In the 9th century, Smolensk was the main center of the Krivichs. In the 11th century, it became the capital of a separate duchy, the Principality of Smolensk, which in the 14th century was conquered by the Grand Duchy of Lithuania. In 1404, it became a permanent part of Lithuania, and later on, the Principality was turned into a Voivodeship. In 1514, Smolensk was captured by Muscovy, which was confirmed by a 1522 treaty.

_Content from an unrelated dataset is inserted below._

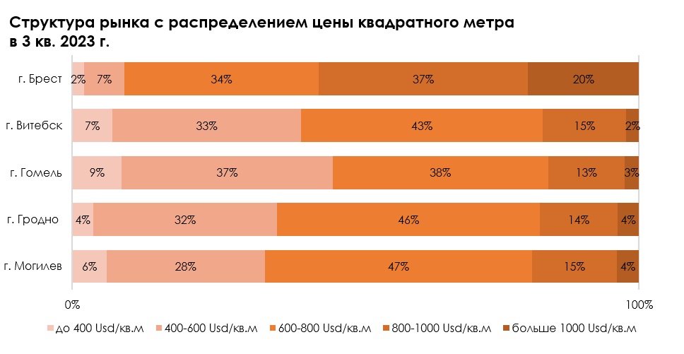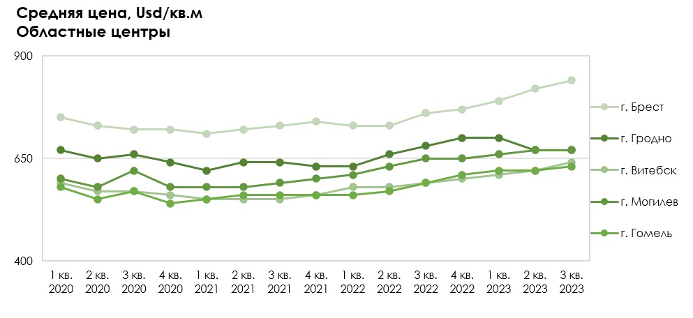 В областных городах средняя цена квадратного метра в долларовом выражении по итогам третьего квартала 2023 года по отношению ко второму кварталу увеличилась в Бресте, Гомеле и Могилеве на 2%, в Витебске – на 3%, в Гродно – не изменилась.

For the next 89 years Smolensk belonged to Muscovy. It was recovered by King Sigismund III of Poland in 1611, but Smolensk Voivodeship as part of the Commonwealth existed only for 56 years. In 1654 it was recaptured by the Russians, which was confirmed by the Truce of Andrusovo in 1667.

Smolensk Voivodeship had three senators: the Bishop, the Voivode, and the Castellan of Smolensk. It was divided into two counties: those of Smolensk and Starodub. After its final annexation by Russia, it continued to exist as a voivodeship in exile, with sejmiks taking place at a Bernardine Church in Vilnius. Furthermore, the title of Bishop of Smolensk remained in use. The last titular Bishops before the partitions of Poland were Adam Naruszewicz, and Tymoteusz Gorzeński.